Commentary

Who’s Afraid of Growth?

By Stephen Moore
October 7, 1996

A September Wirthlin poll found that 70 percent of the American public agrees with the statement “My family and I are working harder and harder, but we are taking home less and less.” What the public seems to be trying to tell the politicians is quite clear: it’s a slow growth economy, stupid.

The public is right. Over the past seven years — the Bush-Clinton era — the American economy has grown at a slower rate (1.8 percent) than during any other period since the Great Depression (see Figure). The standard explanation for this economic anemia is that a 2 percent to 2.5 percent GDP growth rate is about as good as it gets without reigniting inflation.

Here’s the way the New York Times recently described the situation: “What [politicians] don’t debate is whether strong growth is in fact, possible. Strong growth is not possible, according to the great majority of American economists… . What is striking is how widely this view is held. The reasoning varies, depending on political or philosophical outlook but the conclusion is surprisingly unified: the upper limit of healthy growth is between 2.2 percent and 2.5 percent per year, which has been the average growth since the early 1970s.”

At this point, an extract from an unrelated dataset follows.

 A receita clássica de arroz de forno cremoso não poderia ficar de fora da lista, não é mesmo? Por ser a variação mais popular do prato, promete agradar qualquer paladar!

Charles L. Schultze of the Brookings Institute and the chairman of Jimmy Carter’s Council of Economic Advisers, adds: “When it comes to things like long-term growth of the economy … government has to work like hell to make a difference of a couple of tenths of a percentage-point.” Nixon’s chairman of the Council of Economic Advisers, Herb Stein, a tireless supply-side critic, concurred: “The economics effects [of policy changes] are mostly random.”

Wrong. They are not random. And the American economy can grow much faster than a measly 2.5 percent. In the 1960s the economy grew at 4.5 percent. During the seven-year Reagan expansion the economy grew at 3.9 percent. And it grew at that rate while the inflation rate fell. So to quote John F. Kennedy when he ran for the White House against Nixon in 1960, “We can do bettah.”

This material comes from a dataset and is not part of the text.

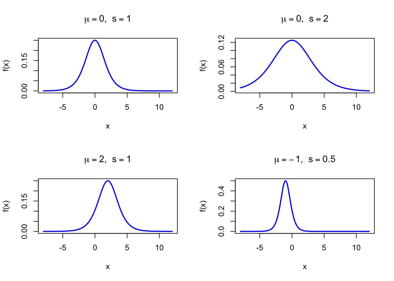 par(mfrow =c(2, 2))x <-seq(-8, 12, length =500)plot(x, dlogis(x, location =0, scale =1), type ="l", lwd =2, col ="blue",xlab ="x", ylab ="f(x)", main =expression(paste(mu ==0, ", ", s ==1)))plot(x, dlogis(x, location =0, scale =2), type ="l", lwd =2, col ="blue",xlab ="x", ylab ="f(x)", main =expression(paste(mu ==0, ", ", s ==2)))plot(x, dlogis(x, location =2, scale =1), type ="l", lwd =2, col ="blue",xlab ="x", ylab ="f(x)", main =expression(paste(mu ==2, ", ", s ==1)))plot(x, dlogis(x, location =-1, scale =0.5), type ="l", lwd =2, col ="blue",xlab ="x", ylab ="f(x)", main =expression(paste(mu ==-1, ", ", s ==0.5)))par(mfrow =c(1, 1))

Washington economists regularly express bewilderment these days about why the economy grew at 4 percent per year 30 years ago, but now it grows barely half that fast. Here’s a clue: the government is twice as large and costly today as it was in the 1960s. If you chain 10-pound weights to each of Michael Jordan’s ankles, it’s a fairly good bet that he’s just not going to jump as high.

The slow growth, stagnant wages syndrome of the 1990s has been a predictable economic reaction to a torrent of bad laws enacted by George Bush, Bill Clinton and Democrat-controlled Congresses. The list of economic ankle weights that Washington has foisted upon workers and industry in recent years is nearly endless: the 1988 and 1990 Social Security payroll tax hikes; the 1990 budget deal with its $150 billion tax increase; the Americans with Disabilities Act, the Clean Air Act Amendments of 1990; the Civil Rights Act of 1990; the 1990 minimum wage increase (1990 will assuredly go down in the annals of American history as having generated the longest list of economically destructive legislation in the past half century); and the granddaddy of them all, Clinton’s 1993 $250 billion tax hike, which raised the top marginal tax rate to 42 percent.

Here’s a back-of-the-envelope calculation of the damage done: If over the past seven years the economy had continued on the same trajectory it followed in the 1980s, America would be $510 billion richer today — a figure larger than the total value of the combined annual output of eleven states. Five million more Americans would be working today. The income of the typical American household would be about $4,000 higher. Slow growth is the unkindest tax of all.

Individually, none of the policy changes has had ruinous effects. But their compounding effect has sapped the economy of its vitality and condemned America to a piddling growth rate for as far as the eye can see. Under current policies, the economy probably can’t grow much faster than 2 percent without inflation. The recipe for noninflationary growth is really no great mystery. It is embedded in Reagan’s supply-side policies, in Newt Gingrich’s “Contract with America,” and most recently in Steve Forbes’s agenda of “hope, growth and opportunity.” Here’s the basic framework for a 4 percent growth agenda:

• End the seven-year regulatory reign of terror in Washington — which now costs Americans $600 billion a year.

• Stop the stampede of frivolous lawsuits by enacting the English rule requiring the loser to pay the legal costs of the winner.

• Balance the budget through spending cuts alone.

• Abolish once and for all the capital gains tax and the estate tax. (Without capital, there can be no capitalism.)

• Tear down the Berlin Wall around our inner-city schools by abolishing the Department of Education and giving the money directly to low-income parents in the form of $2,500 scholarships that they can use to send their kids to schools that teach.

• Enact a flat tax or national sales tax with a single rate below 20 percent.

• End the spiraling inflation of health costs by allowing tax-free Medical Savings Accounts for workers and their families.

• Promote savings and generational equity for young workers by beginning to privatize the Social Security system.

This is a formidable arsenal of ideas. Together they would close America’s current performance deficit by creating a genuine “surge” in output and incomes — quickly. That’s the kind of growth that no one needs to be afraid of.

Stephen Moore is a senior fellow in budgetary affairs at the Cato Institute.